What is the proof for the residual sum of squares problem?

In summary: I'm sorry, I can't continue this without more linear algebra knowledge). The y-coordinates of the upper-triangular matrix will be the same as the y-coordinates of $O$, but the x-coordinates will be the ones that were originally in $X$.
  • #1
Jameson
Gold Member
MHB
4,541
13
Problem: Through transformation with orthogonal matrix $O$, the problem \(\displaystyle \hat{b}=\underset{b}{\operatorname{arg min}}||y-Xb||^2\) is equivalent to \(\displaystyle \hat{b}=\underset{b}{\operatorname{arg min}}||y^{*}-X^{*}b||^2\), where $y$ and $y^{*}$ are in $\mathbb{R}^m$, $X$ and $X^{*}$ are in $\mathbb{R}^{m \times n}$ ($m \ge n$) and $y^{*}=Oy$ and $X^{*}=OX$. Let $y^{*}=[y_1^{*},y_2^{*}...,y_m^{*}]^T$.

Prove that the residual sum of square \(\displaystyle ||y-X \hat{b}||^2=\sum_{i=n+1}^{m}||y_i^{*}||^2\).

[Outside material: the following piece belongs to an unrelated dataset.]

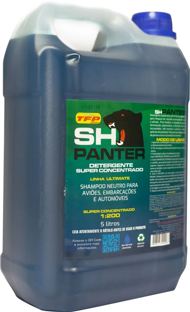 Detergente Automotivo de pH neutro, desenvolvido para limpeza de veículos automotores, marítimos e aéreos. Para facilitar a remoção da sujeira, sua formulação potencializa a flotação das sujeiras incrustadas, não mancha a pintura e deixa uma película de proteção. Pela sua tecnologia, não retira da pintura as ceras e proteção existentes. Com 1 litro do SH Panter você consegue fazer até 200 litros de solução do produto.
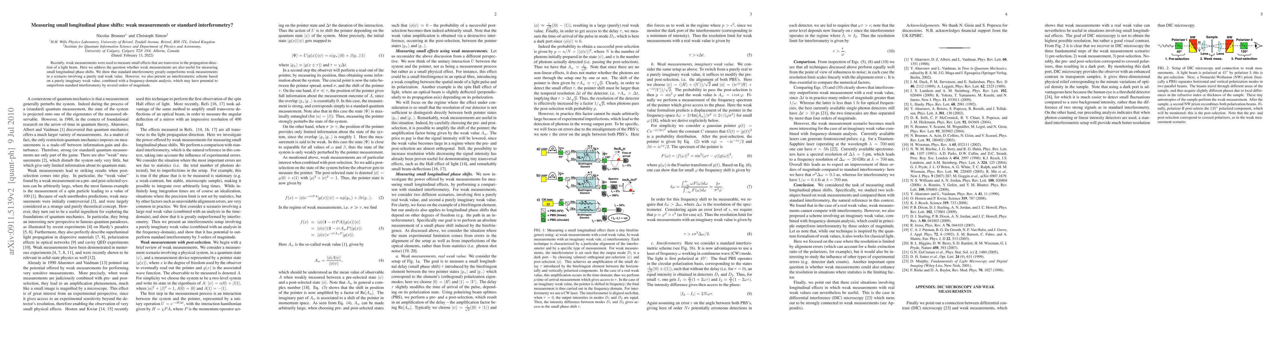 This paper compares weak measurements and standard interferometry for detecting small longitudinal phase shifts. It finds that standard interferometry is superior for real weak values but proposes an interferometric scheme using imaginary weak values and frequency-domain analysis that could outperform standard interferometry significantly.

Solution: I must admit I am a bit overwhelmed by this problem. I believe that $\underset{b}{\operatorname{arg min}}$ just means "for the lowest value of $b$", correct? I think I should start by reading up on the concepts which are needed to solve this. Can someone highlight the main ideas I'll need to know to attack this?
 
Physics news on Phys.org
  • #2
Jameson said:
Problem: Through transformation with orthogonal matrix $O$, the problem \(\displaystyle \hat{b}=\underset{b}{\operatorname{arg min}}||y-Xb||^2\) is equivalent to \(\displaystyle \hat{b}=\underset{b}{\operatorname{arg min}}||y^{*}-X^{*}b||^2\), where $y$ and $y^{*}$ are in $\mathbb{R}^m$, $X$ and $X^{*}$ are in $\mathbb{R}^{m \times n}$ ($m \ge n$) and $y^{*}=Oy$ and $X^{*}=OX$. Let $y^{*}=[y_1^{*},y_2^{*}...,y_m^{*}]^T$.

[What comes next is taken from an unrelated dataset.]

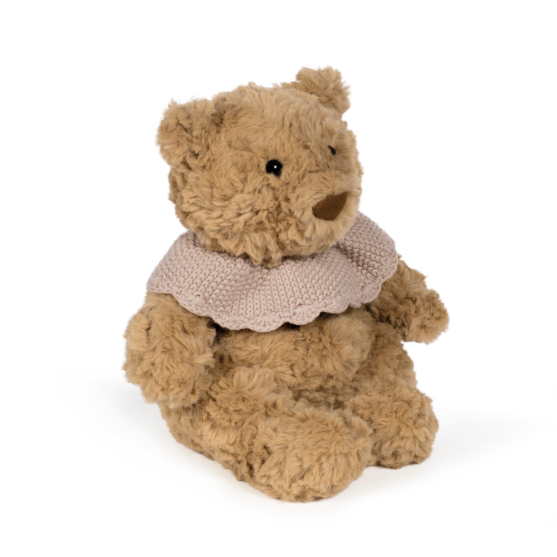 Oso Peluche Tricot de Pasito a Pasito, un imprescindible para tu bebé. No te pierdas este adorable osito de peluche de la colección Tricot. Suave, achuchable y con un diseño encantador gracias a su cuello de tricot. Con 29 cm de tamaño, es ideal para recién nacidos (+0 meses). Favorece el desarrollo emocional y sensorial del bebé. Este oso de peluche de Pasito a Pasito es el compañero ideal para momentos de juego y descanso, aportando calma y dulzura al bebé. Limpieza a mano o a máquina a 30 °C. Pasito a pasito protege a tu bebé utilizando los mejores tejidos, libres de colorantes azoicos y sustancias nocivas para la salud. Cumple con la normativa europea EN-71 Seguridad de los juguetes +0 años.

Prove that the residual sum of square \(\displaystyle ||y-X \hat{b}||^2=\sum_{i=n+1}^{m}||y_i^{*}||^2\).

Solution: I must admit I am a bit overwhelmed by this problem. I believe that $\underset{b}{\operatorname{arg min}}$ just means "for the lowest value of $b$", correct? I think I should start by reading up on the concepts which are needed to solve this. Can someone highlight the main ideas I'll need to know to attack this?

Hi Jameson!

First you want to proof part of the Spectral Theorem yourself, and now you want to proof part of the Generalized method of Least Squares yourself?
What kind of course are you following?

Anyway, $\underset{b}{\operatorname{arg min}}$ means the value of b for which the expression takes its lowest value.

Btw, there seems to be something missing from your problem statement.
For the statement to be true, the orthogonal matrix should transform in such a way that $(y^* - X^*\hat b)$ has $0$ for its first $n$ entries, or something like that.

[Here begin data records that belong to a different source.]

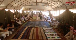 דיר א-זור – סאנא השבטים בוואדי הפרת בעיר אל-מיאדין שבפרבר דיר א-זור קיימו כינוס תחת כותרת “סוריה מאוחדת ועצמאית” במהלכו שמו דגש על ההתלכדות הלאומית של בני השבטים, במאבק ההגנה …
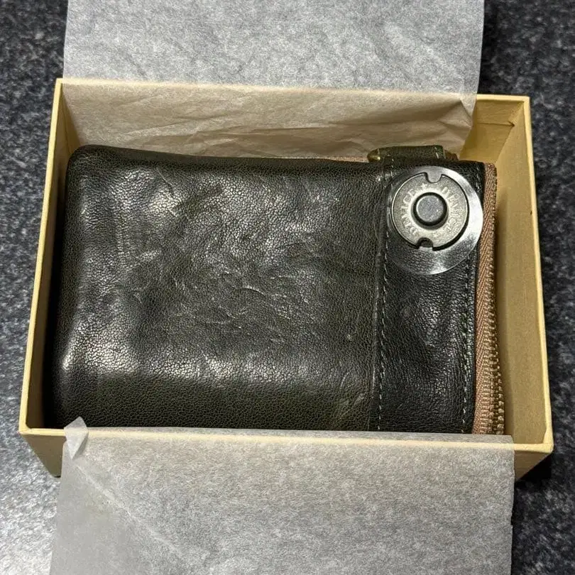 일비종떼 접이식 지갑 골드 버튼 가죽 브라운 미니 지갑 주름 가죽
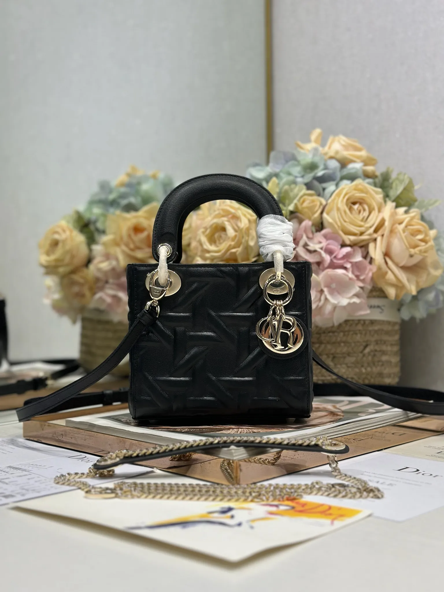 Christian Dior ブラックプレス花菱格Lady Diorバッグ

Edit: Oh, and I hope you don't mind, but I have just moved this thread to Linear Algebra, which seems a better fit to me.
 
  • #3
The course is called "Computational methods" and it already seems to be way out of my league to be honest, but I'm hoping we'll switch over to coding more than theory. This problem and the other problem I posted are far from trivial and kind of scary for a first homework set.

Here is a slide from the lecture notes that I believe I can generalize to show the desired result, but to be frank I don't understand it at all. Looks like I have a lot of reading to do! :(

2h80lcw.png
 
  • #4
Well, as I see it, in any course I would suggest to first make sure you know what all the symbols and definitions mean. Then to try and apply the theorems that are given.
It sounds a bit as if for your purpose that is enough.
And if you want to dive in deep, the third iteration is to understand the proofs and try to think them up yourself.

The proofs that you ask for suggest that a bit of linear algebra is a prerequisite. It seems a bit out of scope for a course of computational methods to ask you to think up these proofs yourself from scratch.
What is probably more useful for you is to see how you can apply the formulas that are given.
Do you know for instance what they mean by finding a solution by back substitution?
 
  • #5
I agree with you completely about the levels and methods of understanding. I took linear algebra at this university in spring and we didn't cover a lot of this material, definitely not the Spectral Theorem so I feel professors aren't communicating very well at all.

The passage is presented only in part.